Sekarang, Kunikida galau maksimal, tak tahu harus dibawa ke mana emosi yang dinamai cinta ini.
Tidak, bukan berarti ia menyesal dengan pilihan yang telah dibuatnya – sebab mengetahui cepat atau lambat segalanya bakalan usai. Lagipula laki-laki berkacamata ini takkan membiarkan dirinya jatuh hati pada seseorang yang sebenarnya belum dia kenali, terlebih untuk mencintai.

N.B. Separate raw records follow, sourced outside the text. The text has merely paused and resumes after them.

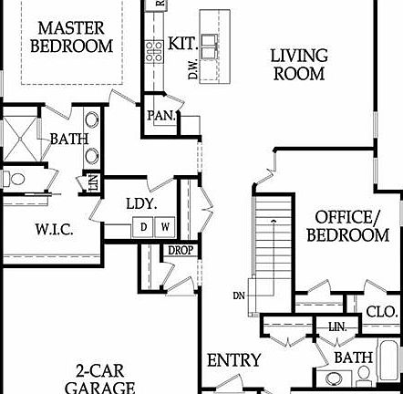 This flexible floorplan offers the option of 3 bedrooms or 2 bedrooms plus a dedicated office. The spacious living room flows into an open kitchen with custom cabinetry and a generous pantry, perfect for both daily living and entertaining.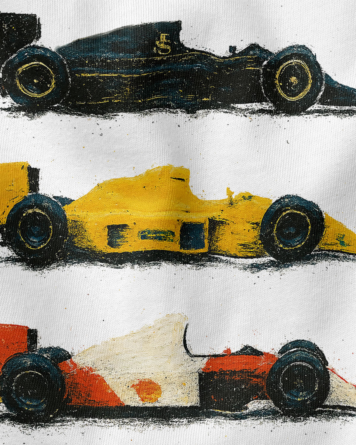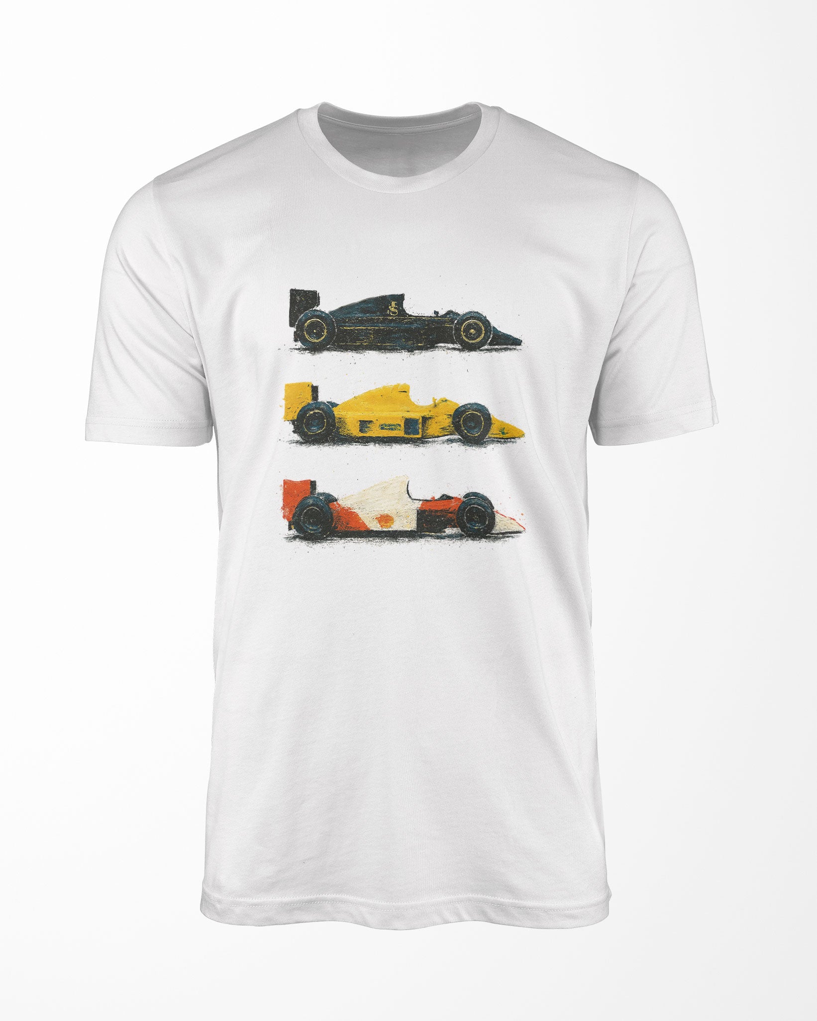Three cars. Three machines that defined eras in Formula 1. The black and gold from the turbo age, the bold yellow that ruled the '90s, and the red and white that became the blueprint for perfection on track. Timeless icons of speed, side by side in a print full of texture and character.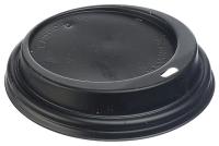 Крышка для стакана БЕЗ НОСИКА Черная диаметр 90 мм, изготовлена из полистирола черного цвета. Диаметр 90 мм. Имеет отверстие для комфортного употребления напитка во время ходьбы или управления транспортным средством. Прочно удерживается на стакане, препятствует непроизвольному разливу напитка.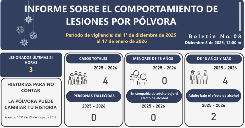 El periodo de vigilancia se extenderá hasta el 17 de enero de 2026, por lo que las autoridades reiteran el llamado a la prevención para evitar nuevos casos. Bajo el mensaje “Historias para no contar: la pólvora puede cambiar tu historia”, la campaña busca reducir la manipulación de estos elementos y desalentar su uso, especialmente en combinación con alcohol.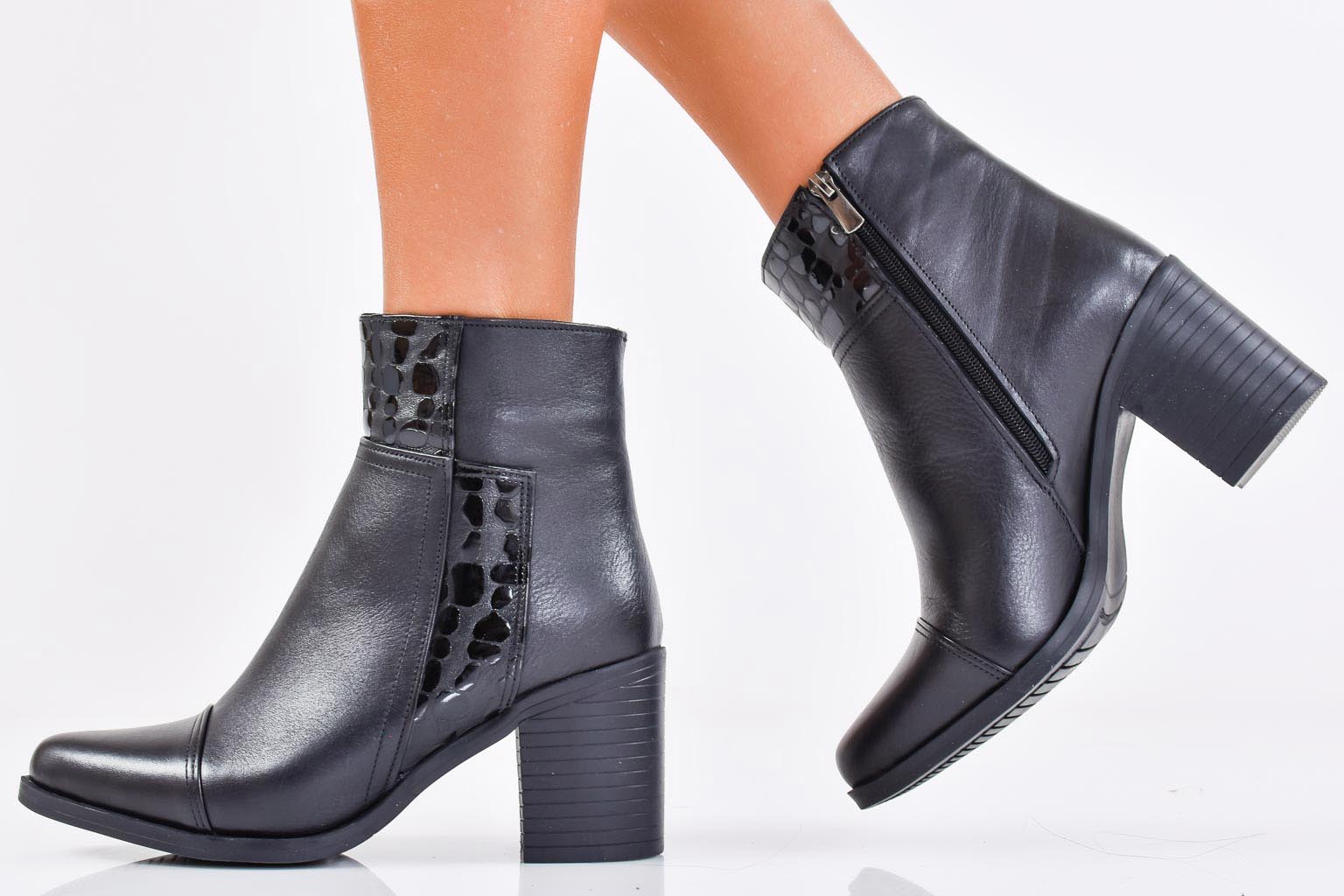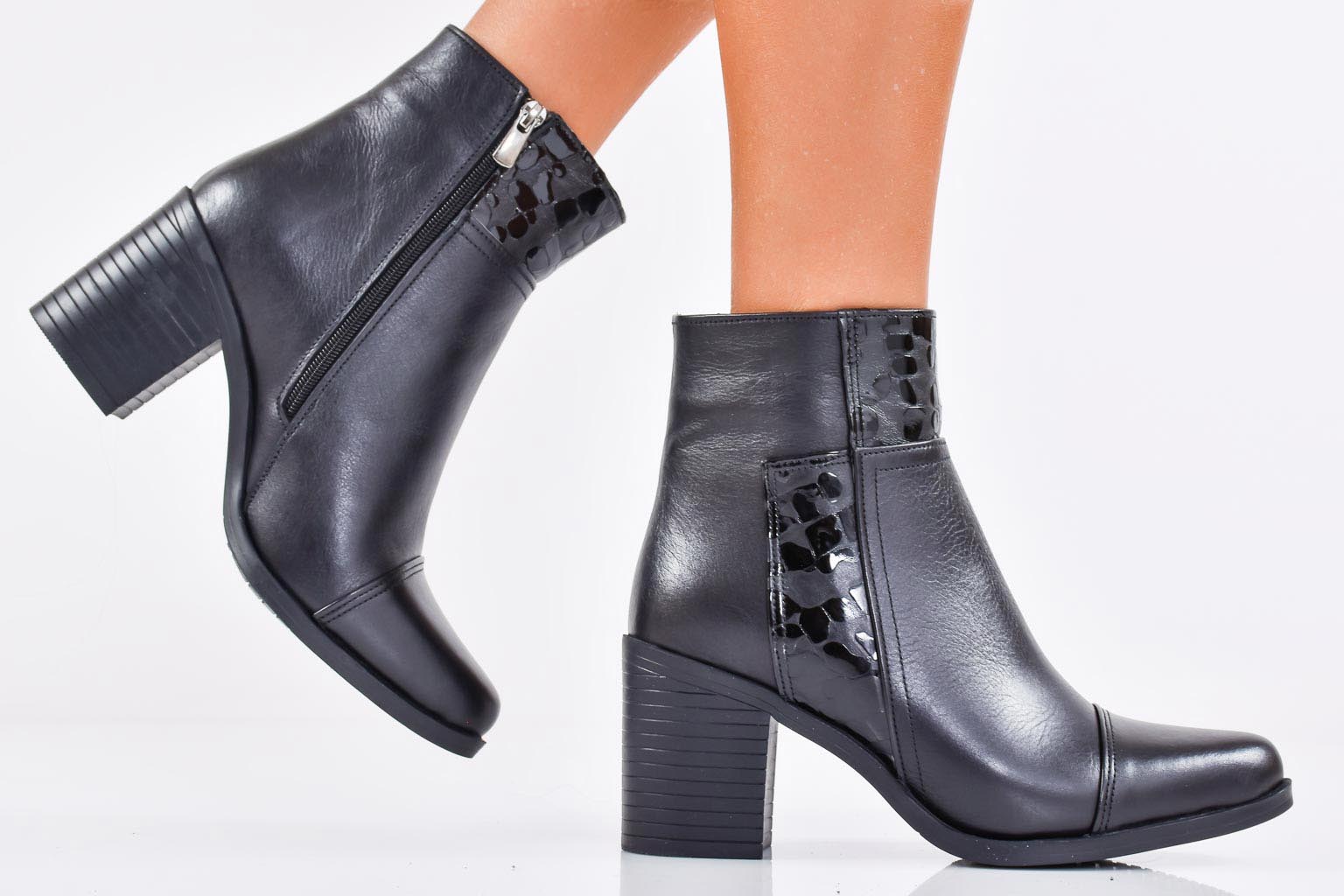 Дамски елегантни боти естествена кожа черни EOBUVKIBG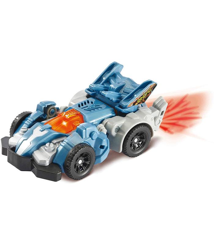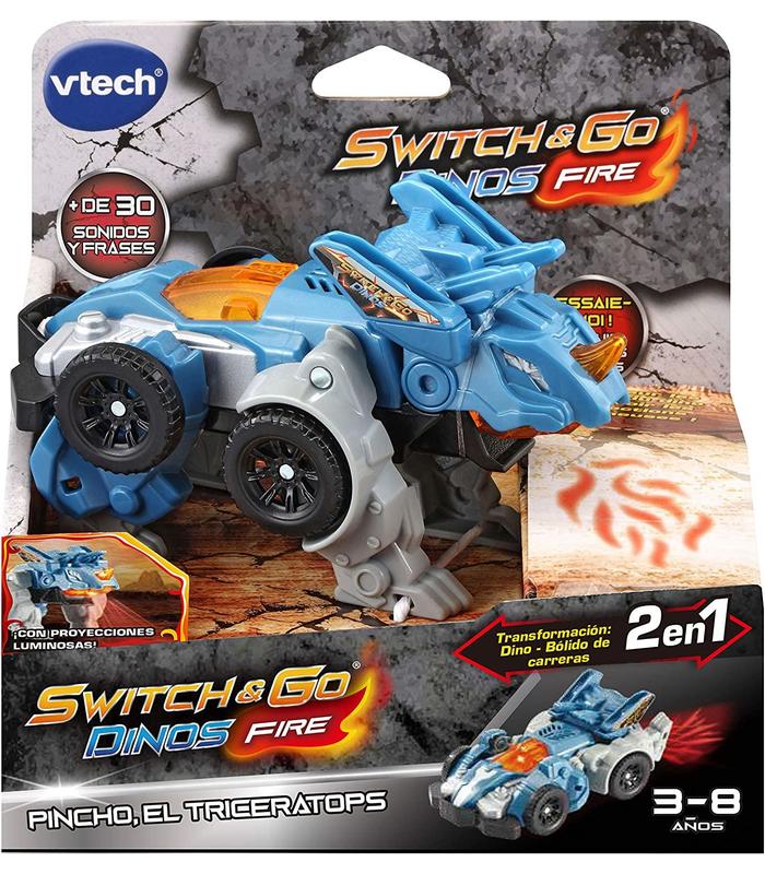 Feroz dinosaurio con voz, transformable en vehículo. El juguete identifica si se encuentra en modo animal o vehículo para responder en consonacia.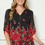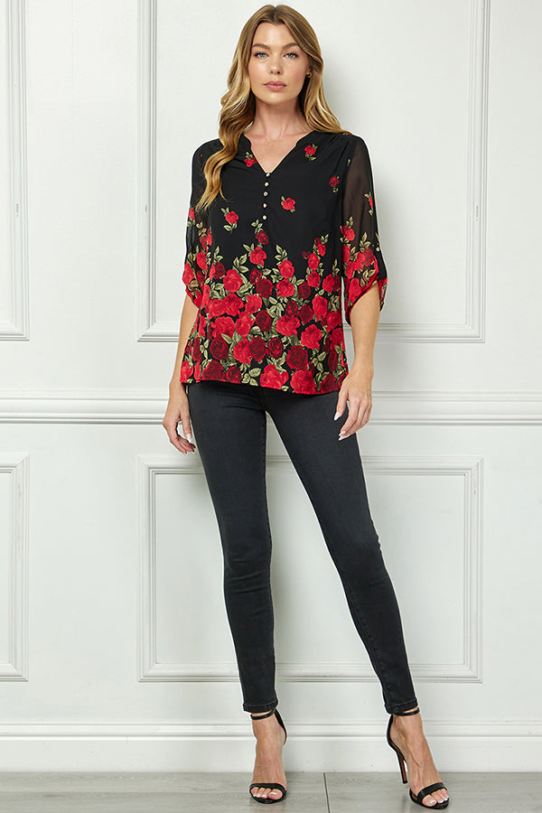 The 3/4 sleeves with button tabs allow for easy styling—wear them rolled up for a relaxed feel or down for a more polished finish. Designed with a flattering popover silhouette and full lining for a smooth drape, it pairs beautifully with trousers, skirts, or jeans for any occasion.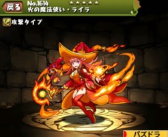 パズドラの火の魔法使い・ライラのステータス簡易評価とスキル上げ対象モンスター、入手方法まとめです。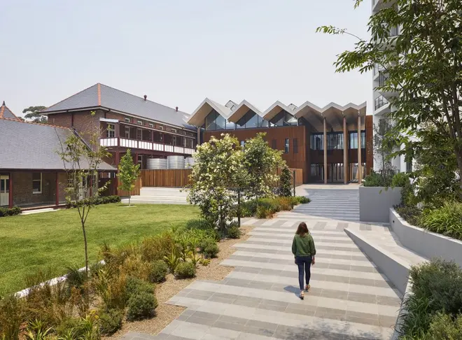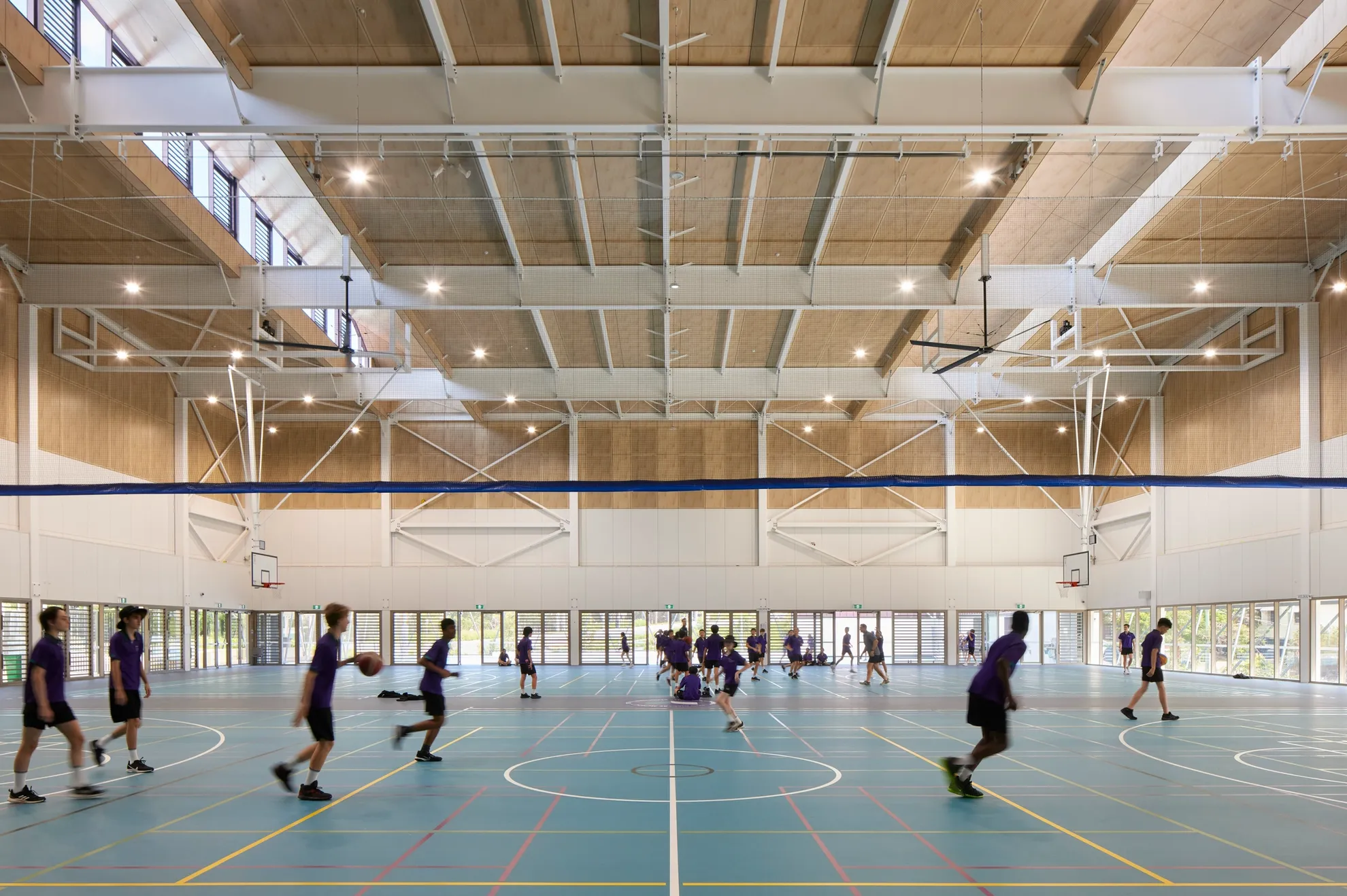 Sustainability permeates the design and educational philosophy of the school. Solar power, water harvesting, natural ventilation and low energy systems reduce impact. Active transport facilities and connections to public transport provide the platform for an educational focus on a “sustainable world” through recycling facilities and systems throughout the school.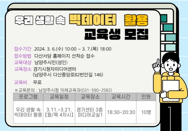 이달 6일 우리 생활 속 빅데이터 활용 1기 교육 접수를 시작으로 11월까지 경기시청자미디어센터에서 매월 교육이 진행되며 남양주시에 거주하는 성인은 누구나 무료로 신청할 수 있다.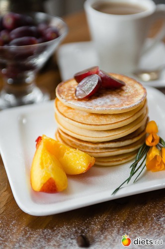 4. Подаем готовые оладьи, полив медом, нежирной сметаной, йогуртом, украсив свежими ягодами или фруктами.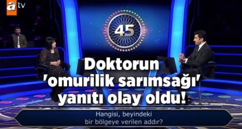‘Bir fikrim var ama telefonla joker hakkımı kullanmak istiyorum’ diyen yarışmacı, doktor olan bir arkadaşını aradı. Ancak sürenin bitmesine yakın telefondaki kişi ‘Omurilik sarımsağı’ cevabını verdi.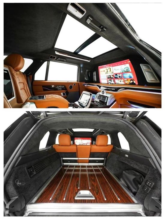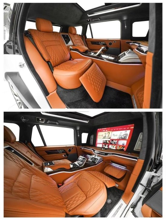 路虎揽胜 (配置|询价)皇家一号配备了BOSE5.1殿堂级影院系统,喝酒K歌绝对毫无压力。后排配备有鞋托,车内底板全部为豪华游艇木装饰。由于是4座的设计,所以说后备箱腾出了比较大的空间,说到底,路虎揽胜皇家一号,还是一个豪华商务越野车。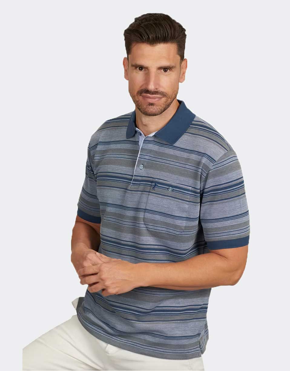 Polo hombre manga corta de punto piqué con bolsillo y rayas pequeñas desiguales en azul y gris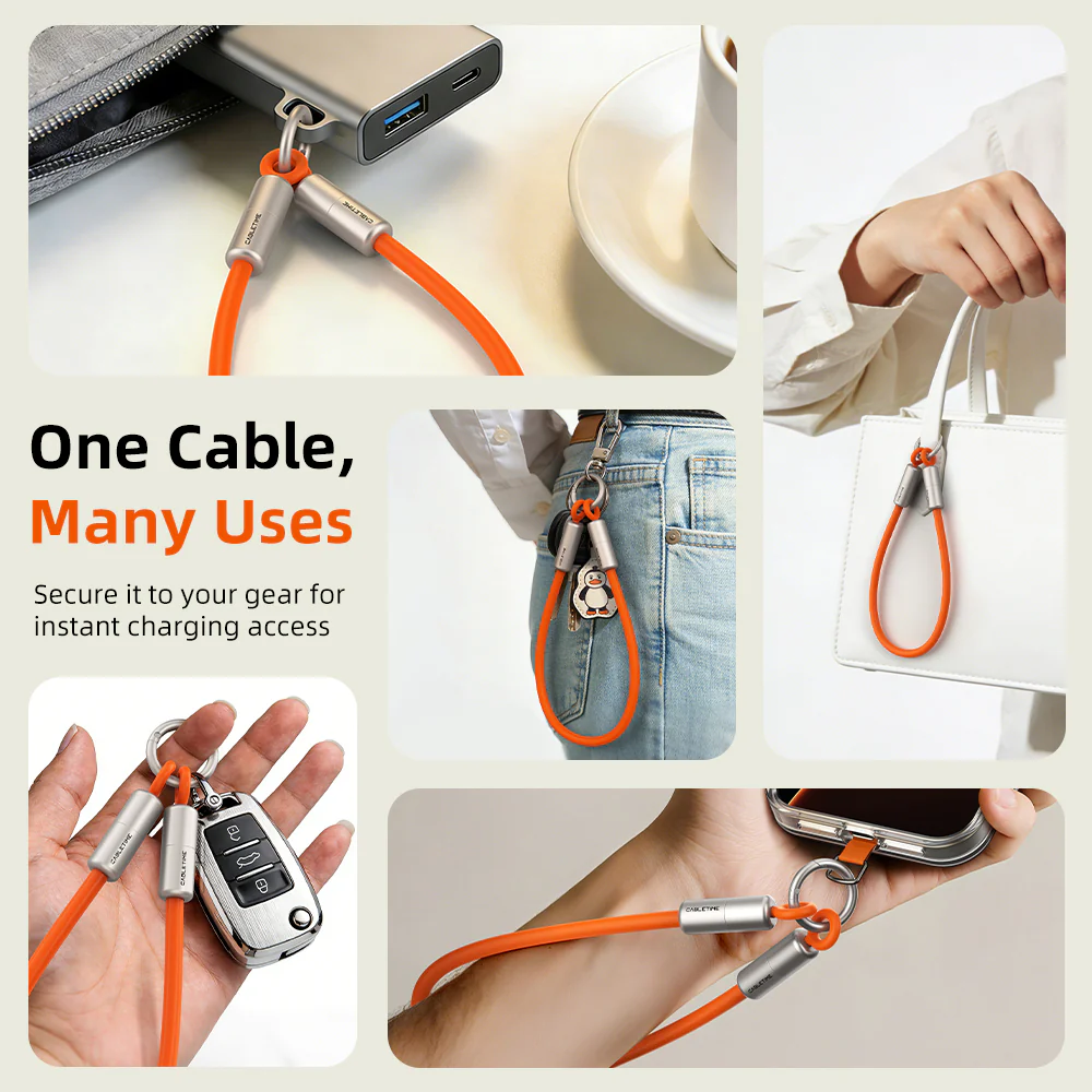 Всегда в пределах досягаемости: Самая большая проблема с зарядными кабелями — забыть их взять с собой. Кабель для зарядки брелка мгновенно решает эту проблему. Благодаря надежному зажимному механизму он легко интегрируется в брелок для ключей, рюкзак или сумочку. При весе менее 25 г он практически невесом и обеспечивает немедленный доступ к кабелю-брелку USB C для аварийного питания или передачи данных без путаницы длинных запутанных проводов в кармане.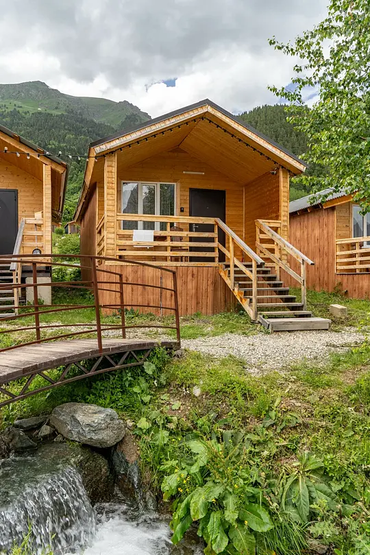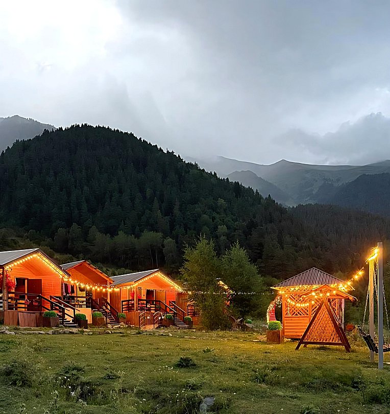 Вдыхайте чистый горный воздух, посетите баню, отправляйтесь на конные прогулки или просто отдохните на качелях, наслаждаясь роскошным видом на горы и лес. А уникальные кавказские завтраки приятно удивят вас своим вкусом.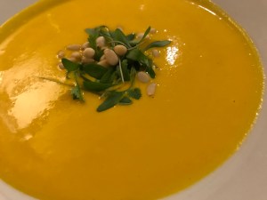 Kicking off with the carrot soup.. sorry! roasted carrot soup with pine nuts and coriander shoots .. and bread..

Contoh kongkretnya, jantung Kunikida nyaris berhenti berdetak begitu mengetahui fakta bahwa Dazai ternyata mantan anggota eksekutif Port Mafia.
Kala itu, hampir dua puluh empat jam ia menjaga jarak dari pria suicidal freak yang dimaksud.
Sejauh ini dia mampu berdamai dengan apapun kelakuan menjengkelkan mantan kekasihnya, tidak peduli kebiasaan menyebalkan yang bikin rencana kerja mereka terhambat, hingga gelagat Dazai yang berubah drastis apabila sudah di atas tempat tidur. Kerapkali mimik wajah lelaki yang selalu tampak konyol tersebut berganti menjadi raut stoic, serta-merta mencengkram kasar tengkuk atau rambut Kunikida, melakukan apapun sesuka hatinya.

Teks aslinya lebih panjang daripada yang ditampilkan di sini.